He knew quite well that Thyra
was at the bottom of the sudden coldness between Chester Carewe
and Damaris Garland, about which Avonlea gossip was busying
itself. He pitied Thyra, too. She had aged rapidly the past
month.
"You're too hard on Chester, Thyra. He's out of leading-strings
now, or should be. You must just let me take an old friend's
privilege, and tell you that you're taking the wrong way with
him. You're too jealous and exacting, Thyra."
"You don't know anything about it. You have never had a son,"

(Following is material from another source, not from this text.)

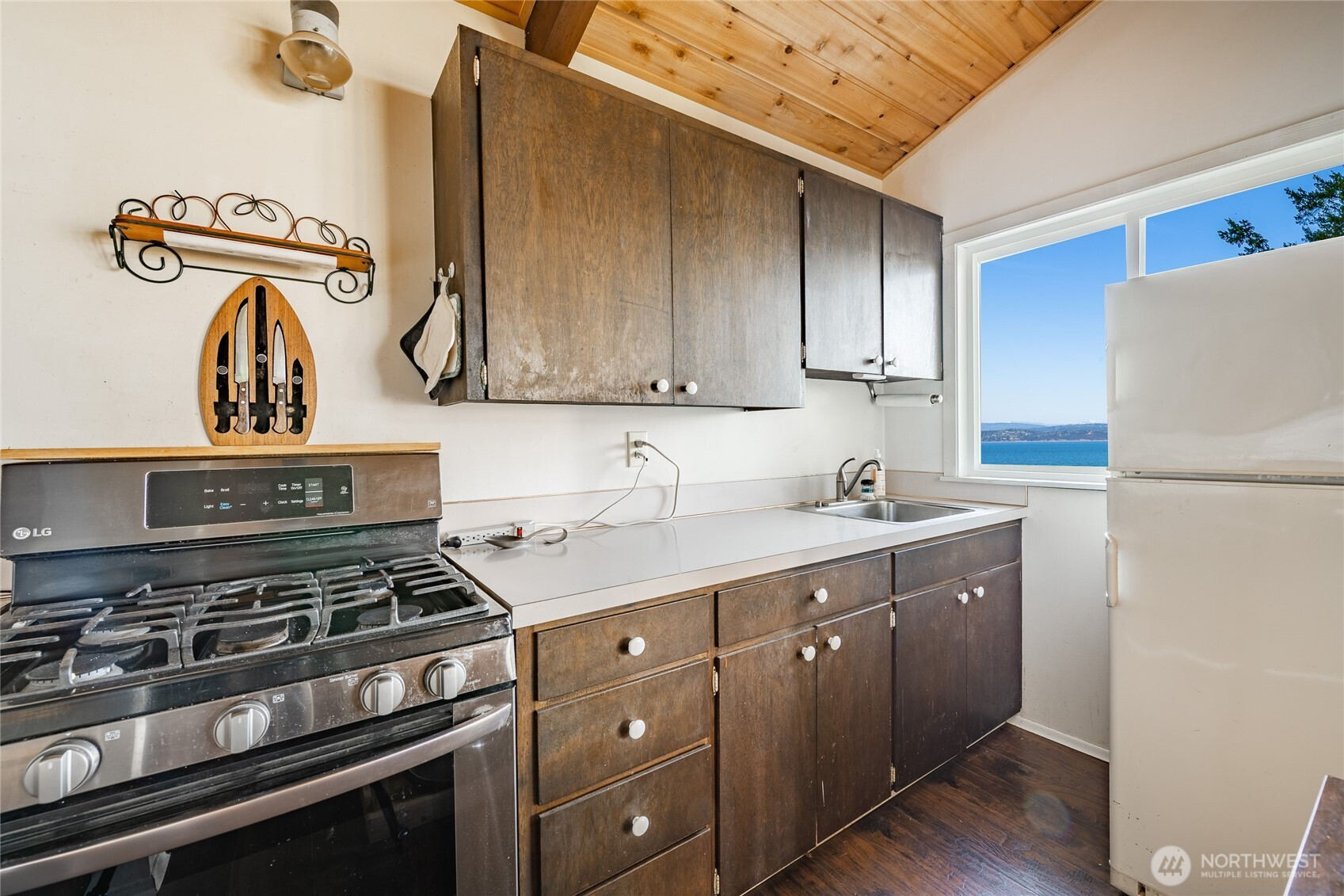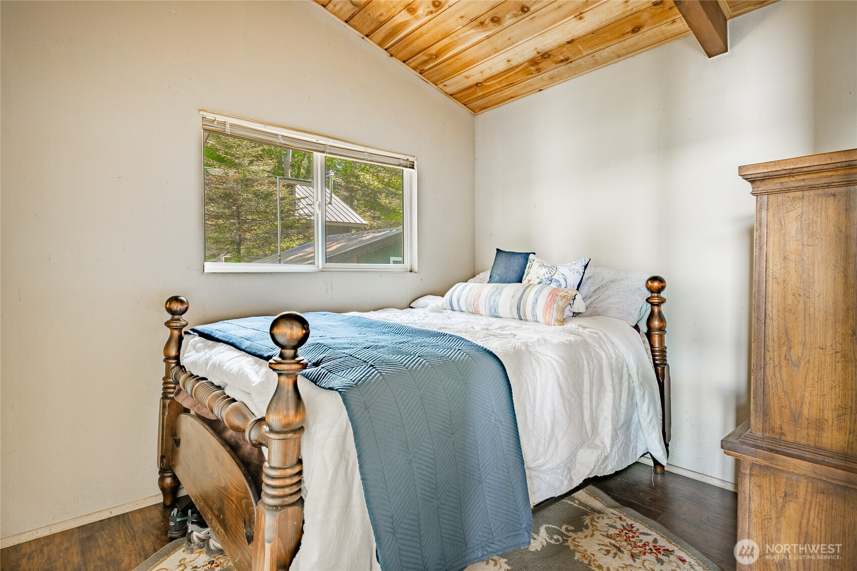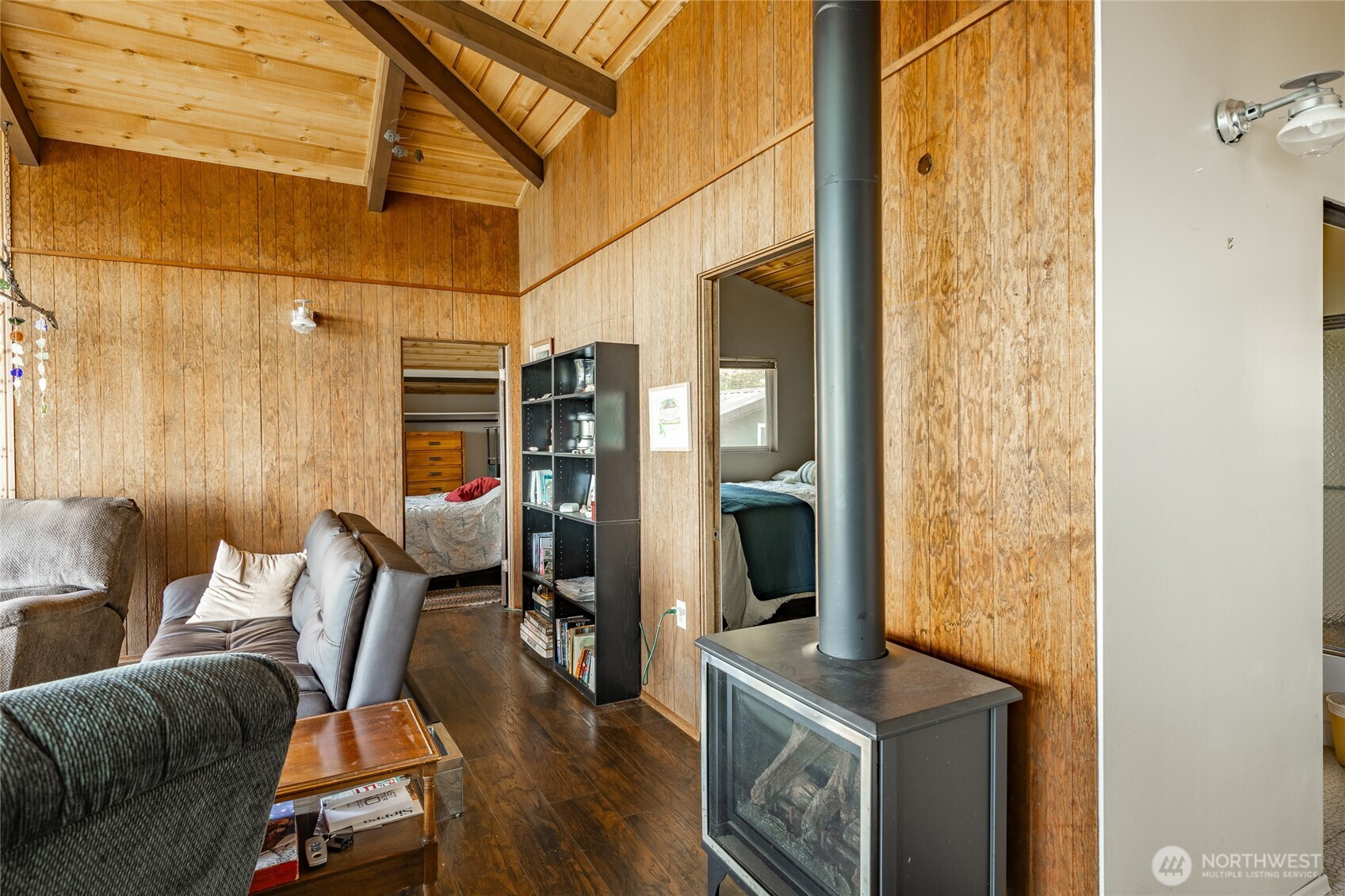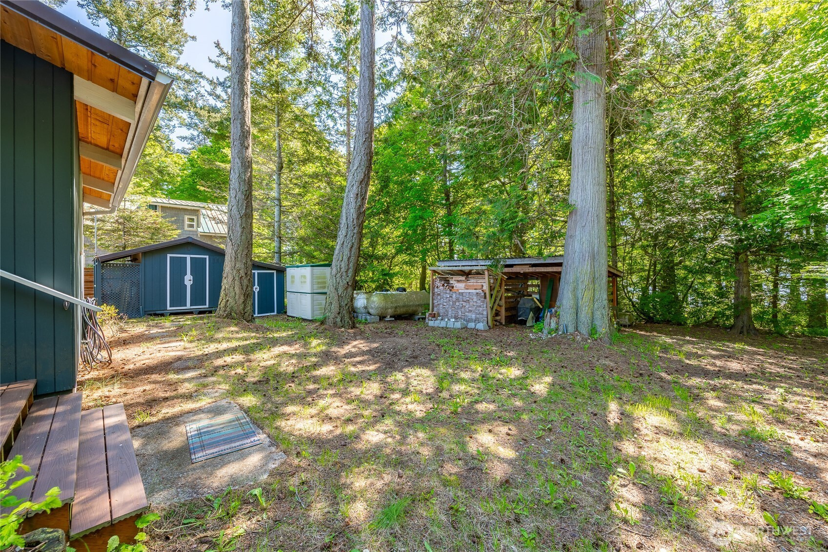 High bank waterfront cabin on private Eliza Island, just off the coast of Bellingham in Whatcom County. This 2-bedroom retreat captures sweeping eastern views of Bellingham Bay, the Canadian mountain range, and Chuckanut, with stunning sunrise exposure that fills the home with natural light. The cabin features natural wood interior paneling and vaulted ceilings that create a warm, open feel. A propane stove adds comfort year-round, while the propane paired with a solar and battery-powered inverter supports easy off-grid living. An additional unfinished outbuilding offers flexibility to make it your own—ideal for a bunkhouse, storage, an office, or a creative space. There is no direct beach access from the lot, but nearby access points are just a short walk or golf cart ride away, making it easy to enjoy. This property is well-suited for shared ownership—consider partnering with friends, or colleagues to create a private island retreat and maximize use throughout the year. While short-term rentals are not allowed on Eliza Island, co-ownership provides a smart and enjoyable way to experience island living. Island amenities include a full-time caretaker, tideland rights, beach access points, park areas, and a private airstrip (WA93), making it a great option for aviation enthusiasts or those seeking a true Pacific Northwest island escape. Located approximately 20 minutes from Bellingham by boat, with walk-on water taxi access available. No rentals allowed.
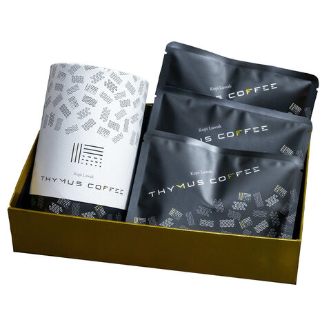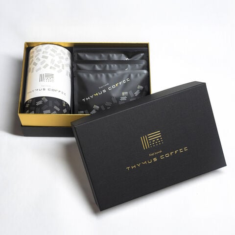 「THYMUS COFFEE 珈琲 コピ ルアク 焙煎豆 ドリップパック」は、高級コーヒーで知られるコピ・ルアクの焙煎豆とカップオンドリップパックのセットです。国内のデザインセレクションにて選定されたおしゃれなパッケージは、贈り物としての価値を高めます。シックなデザインは、受け取った方に感動していただけること間違いなしです。ギフトや手土産などにぴったりですので、ぜひご利用ください。定価と比較して、大胆にお得な価格設定とさせていただいております。

said Thyra, cruelly enough, for she knew that Carl's sonlessness
was a rankling thorn in his mind. "You don't know what it is to
pour out your love on one human being, and have it flung back in
your face!"
Carl could not cope with Thyra's moods. He had never understood
her, even in his youth. Now he went home, still shrugging his
shoulders, and thinking that it was a good thing Thyra had not
looked on him with favor in the old days. Cynthia was much
easier to get along with.
More than Thyra looked anxiously to sea and sky that night in
Avonlea. Damaris Garland listened to the smothered roar of the
Atlantic in the murky northeast with a prescience of coming
disaster. Friendly longshoremen shook their heads and said that
Ches and Joe would better have kept to good, dry land.
"It's sorry work joking with a November gale," said Abel Blair.
He was an old man and, in his life, had seen some sad things
along the shore.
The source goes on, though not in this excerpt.